The piece of history related by Night and Fog begins in 1939, with the planning and projection of the fields ("a concentration camp is built as a stadium or a hotel"), passing to the description of the configuration of fields and its logistical aspects: how the prisoners arrive at the site, their hair is shaved, they are dressed all equal (the famous striped "pajamas"), numbers tattoo in their arms, a colored triangle isayswhy are they tere (yellow triangle for Jews, red for political prisoners, etc.). The camps are organized as real cities, with its own hierarchy, its hospitals, brothels and even a prison. The report of the sub-human conditions and day-to-day, full of misery and death, of the prisoners is illustrated with archival images and the contrast between these images and those captured by Resnais of the empty fields in 1955. At one point, the text highlights the impossibility of seeing the horror: "We can't hope to capture this reality? (...) No description, no image can reveal their true dimension (...) we can not show more than the shell, the surface. "
Night and Fog focus, also, as might be expected, the "final solution." The crematoria are planned and built with the help of the prisoners themselves. These buildings, wich in 1955, serve as the backdrop for tourist photos were a few years earlier, a factory of bodies. Efficiency is also present in killing: "Killing by hand takes time." The text of Caryol describes the method used, while the images show us the bodies treated as objects, pieces of meat without dignity. With the hair, they made up tissue, with bones fertilizer, with bodies manufactured soap. Images of mountains of glasses, combs, hair (the endless pile of hair is one of the most striking images in the film) are just traces, denouncing the monstrosity but unable to express it fully.

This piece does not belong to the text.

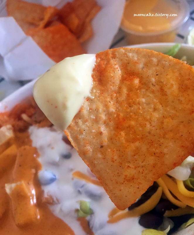개인적으로 타코벨의 나쵸칩은 치즈 소스랑 먹는 것보다는 페퍼잭 소스랑 먹는 게 훨씬 맛있다. 치즈 소스도 그 자체로는 괜찮은데, 타코벨 나쵸칩과의 궁합은 별로라고 생각한다. 느끼하고 뭔가 겉도는 맛이 있다. (하지만 나만 그렇게 생각하는 게 틀림없다. 타코벨에선 계속 치즈 나쵸칩을 팔고 있고 사람들도 좋아하니깐 ㅋㅋ) 여튼 기회가 되시면 페퍼잭 치즈 소스에 나쵸를 찍어 드셔 보시라. 일반 치즈 소스보다 훨씬 상큼하고 맛의 조화가 좋음 ^^

The film ends with a question and a warning. Given the Nuremberg trials and the denial of responsibility on the part of all participants, Resnais asks: "So who is responsible?". This question is asked, suggesting that we must be vigilant and not let settle oblivion.
The theme of memory / forgetfulness and its importance is recurrent in the work of the filmmaker, who continued to exploit it in films like Hiroshima mon Amour (which, again, deals directly with the scars of World War II), L'anné dernière Marienbad and Je t'aime Je t'aime.